L’objet de cet article est de défendre l’idée que le rôle de l’État providence n’a sans doute jamais été aussi important qu’aujourd’hui, mais que cela implique qu’il se renouvelle pour relever le défi que présentent les diverses fractures sociales. Il lui faudra réorienter ses priorités et adopter une politique davantage proactive.

Les débats de Risques

Marie-Claire Carrère-Gée, Pierre-Alain de Malleray et Sébastien d’Ornano, La numérisation de l’économie, quels effets ?

Le 3 mai 2018 Risques a organisé un débat sur la robotisation. Des études internationales, menées notamment par le Boston Consulting Group (BCG) et par McKinsey, il ressort que la robotisation va conduire à une transformation majeure de la structure des emplois dans le monde, avec des effets globalement bénéfiques pour les consommateurs, les entreprises et les économies en général ; mais avec des pertes importantes d’emplois dans certains secteurs et à l’inverse des créations dans d’autres secteurs. Étaient réunis pour en évoquer les enjeux : Marie-Claire Carrère-Gée, présidente du Conseil d’orientation pour l’emploi (COE) et représentante de la France au sein de l’Employment Working Group du G20, Pierre-Alain de Malleray, président de Santiane et Sébastien d’Ornano, président exécutif de Yomoni. Le débat était animé par Charlotte Dennery et Arnaud Chneiweiss, membres du Comité éditorial de Risques.

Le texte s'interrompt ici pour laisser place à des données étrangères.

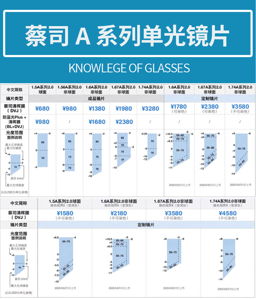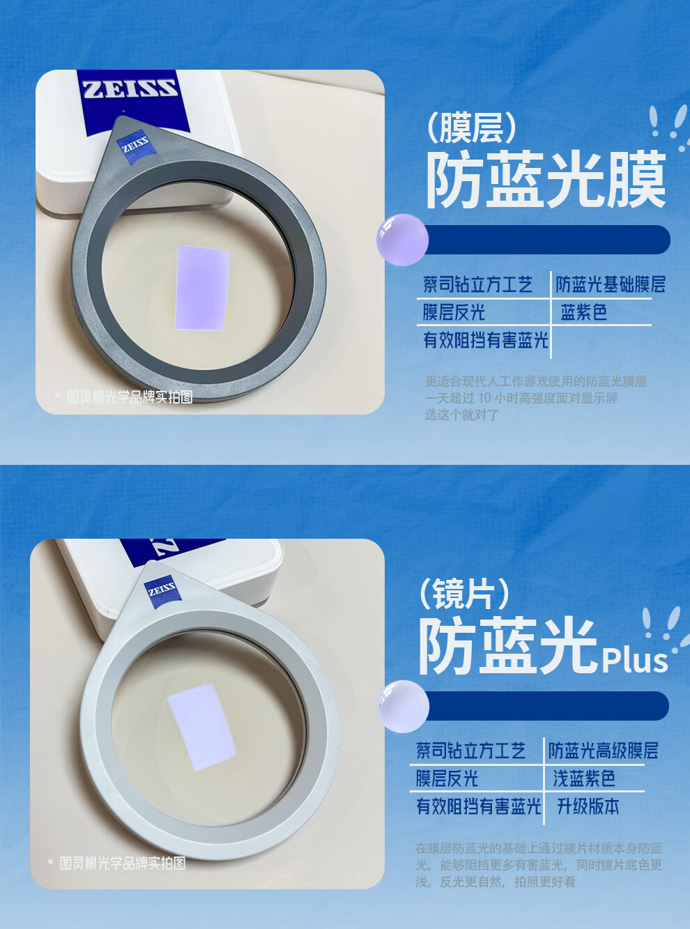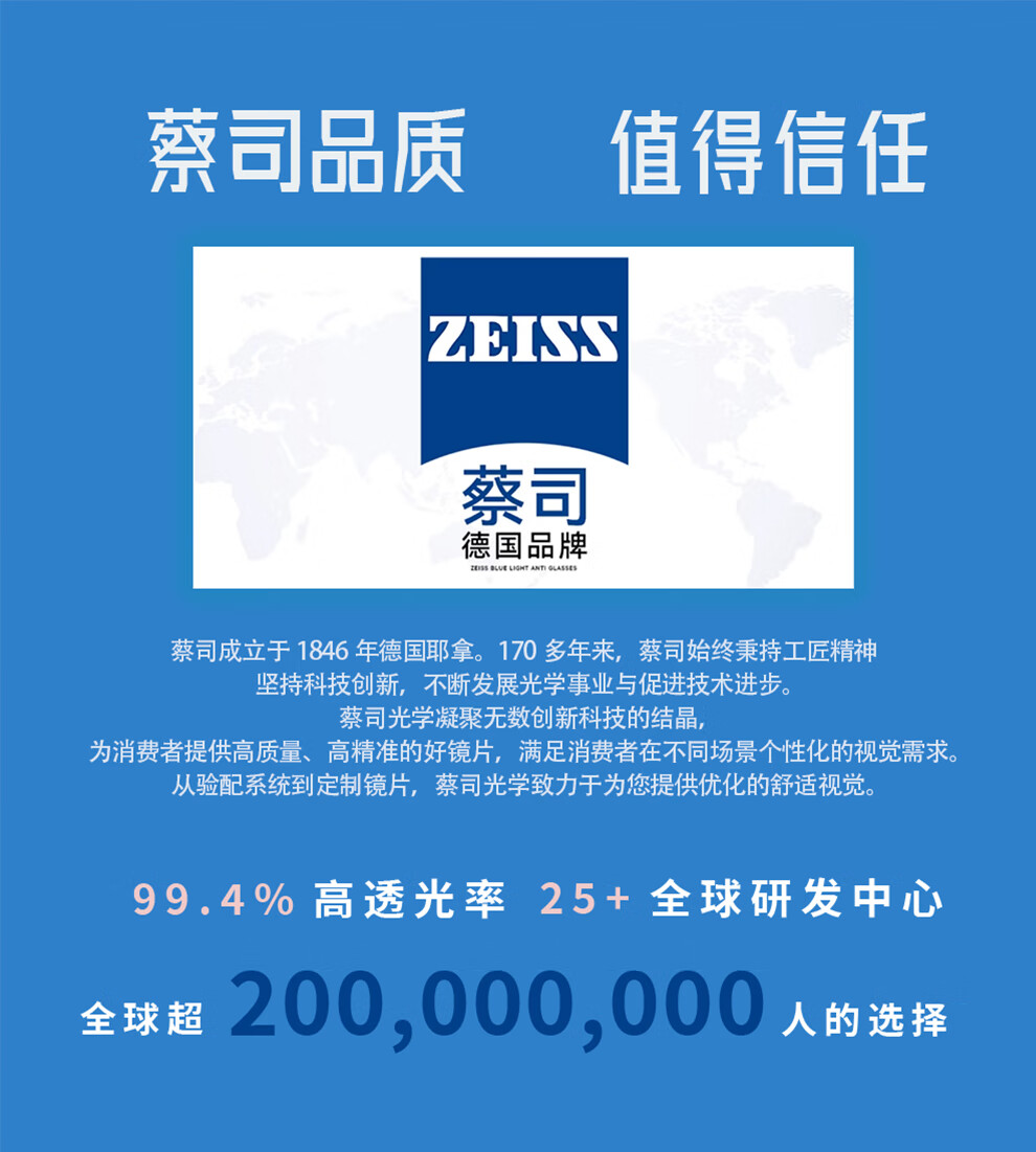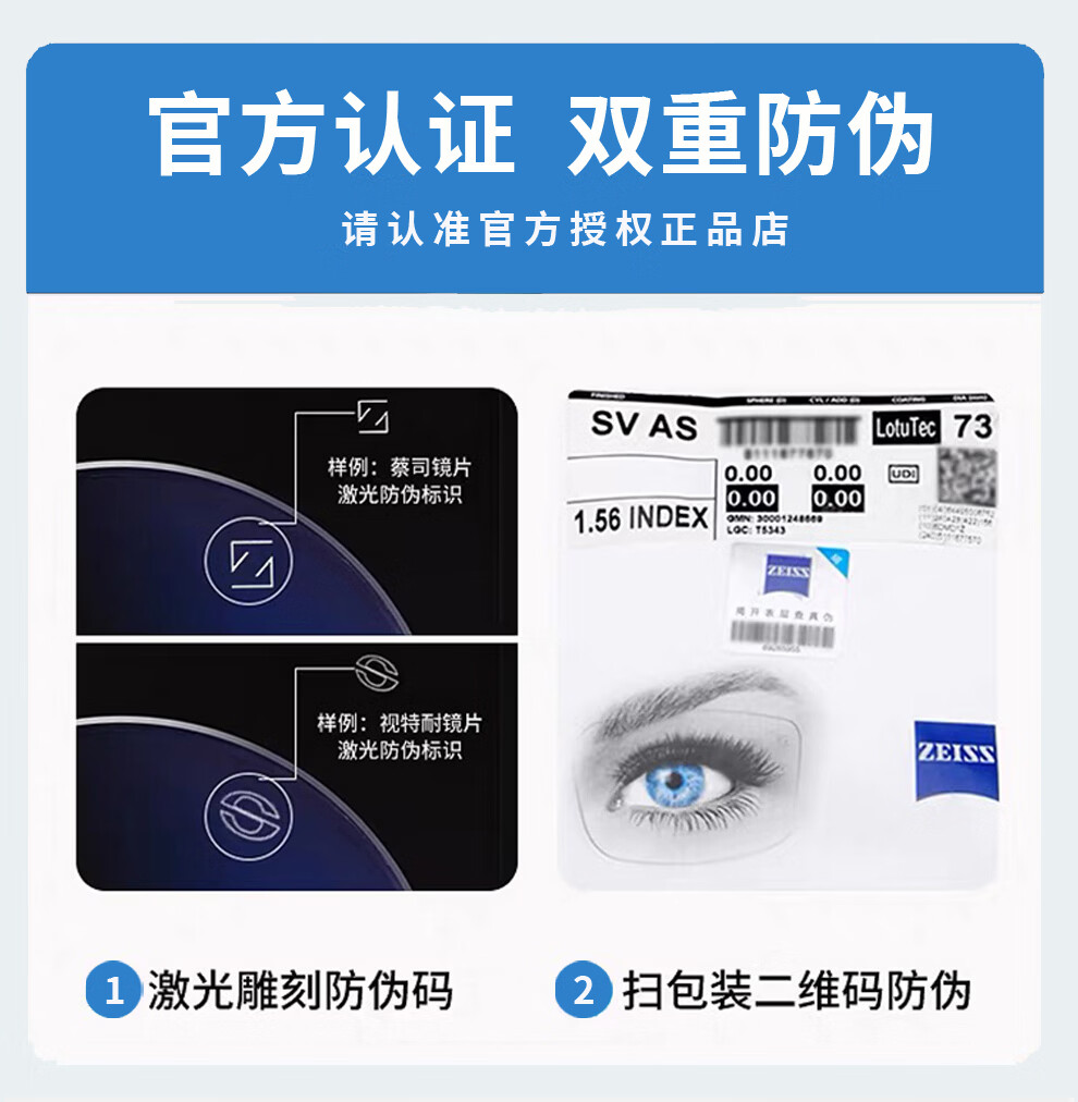 蔡司(ZEISS)镜片【官方授权】近视眼镜散光学配镜防蓝光眼镜近视可配度数 【佳锐】冰蓝膜 1.56折射率【0-300度】2片装 成品镜片
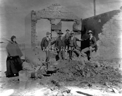 A photograph taken after a large fire which destroyed all the buildings between 3rd and 4th on Front Street except the Lake Building. The date is probably 1897. This photo shows several men and one woman in the burned out shell of one of the buildings.Collection

Actualité de la Fondation du risque

Jean-Yves Lesueur, Quel impact des programmes de prévention santé sur l’arbitrage autoprévention/assurance

Le 8 février 2018 Jean-Yves Lesueur a présenté un premier état d’avancement de ses travaux portant sur l’impact attendu de l’adhésion des assurés aux programmes de prévention santé issus de l’accord national interprofessionnel (ANI), sur leur arbitrage autoprévention/couverture assurance.

Recensions

Bertrand Badré, Money Honnie. Et si la finance sauvait le monde ? par Carlos Pardo
Michel Lutfalla, Une histoire de la dette publique en France par Pierre Martin
Emmanuel Garnier, L’empire des sables par Daniel Zajdenweber

Remise du prix Risques 2018

Le 17 mai 2018, la revue Risques a décerné son Prix 2018. Remis par Bernard Cazeneuve, ancien Premier ministre, avocat à la cour, en présence de Bernard Spitz, président de la FFA, Jean-Hervé Lorenzi, directeur de la rédaction de la revue Risques, Daniel Zajdenweber, professeur émérite à l’Université Paris-Ouest-Nanterre-La Défense, président du Jury 2018, le Prix 2018 a été décerné à Mathieu Lefebvre et Pierre Pestieau, pour leur ouvrage L’État-providence. Défense et illustration, paru en octobre 2017 aux PUF et à Jacques Pelletan, pour son ouvrage Sociétés sécuritaires ou sociétés de confiance, paru en novembre 2017 aux éditions L’Harmattan.